Goal of the exercise: The pictures in the listing below are to be skipped, while the lines between the line holding "Met een oppervlakte" and the line holding "Seiko Seiko Wall", inclusive, are to be output exactly.

Exercise input:
--------------------------------------------------

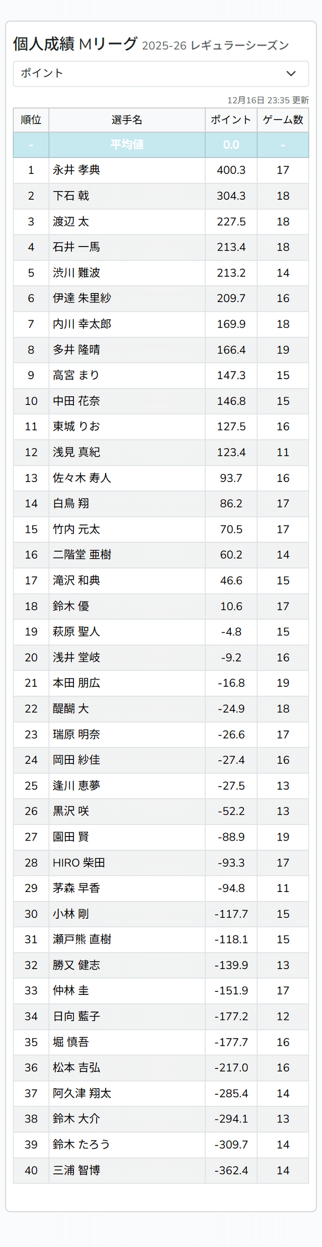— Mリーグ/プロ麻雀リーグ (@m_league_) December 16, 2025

--------------------------------------------------

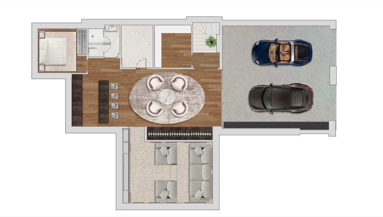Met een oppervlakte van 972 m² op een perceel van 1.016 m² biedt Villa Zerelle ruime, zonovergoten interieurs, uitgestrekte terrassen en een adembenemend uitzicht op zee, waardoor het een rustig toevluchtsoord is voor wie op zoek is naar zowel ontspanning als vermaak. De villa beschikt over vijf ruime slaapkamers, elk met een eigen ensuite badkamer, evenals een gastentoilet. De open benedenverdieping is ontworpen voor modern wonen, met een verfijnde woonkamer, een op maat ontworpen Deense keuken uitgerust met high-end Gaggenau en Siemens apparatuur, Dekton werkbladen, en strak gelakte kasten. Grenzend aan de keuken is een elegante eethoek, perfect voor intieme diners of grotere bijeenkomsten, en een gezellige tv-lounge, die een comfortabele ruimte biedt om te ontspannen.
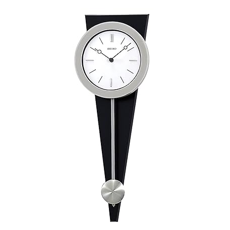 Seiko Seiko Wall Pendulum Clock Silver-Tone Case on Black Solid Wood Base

--------------------------------------------------

Solution for this exercise:
Met een oppervlakte van 972 m² op een perceel van 1.016 m² biedt Villa Zerelle ruime, zonovergoten interieurs, uitgestrekte terrassen en een adembenemend uitzicht op zee, waardoor het een rustig toevluchtsoord is voor wie op zoek is naar zowel ontspanning als vermaak. De villa beschikt over vijf ruime slaapkamers, elk met een eigen ensuite badkamer, evenals een gastentoilet. De open benedenverdieping is ontworpen voor modern wonen, met een verfijnde woonkamer, een op maat ontworpen Deense keuken uitgerust met high-end Gaggenau en Siemens apparatuur, Dekton werkbladen, en strak gelakte kasten. Grenzend aan de keuken is een elegante eethoek, perfect voor intieme diners of grotere bijeenkomsten, en een gezellige tv-lounge, die een comfortabele ruimte biedt om te ontspannen.
 Seiko Seiko Wall Pendulum Clock Silver-Tone Case on Black Solid Wood Base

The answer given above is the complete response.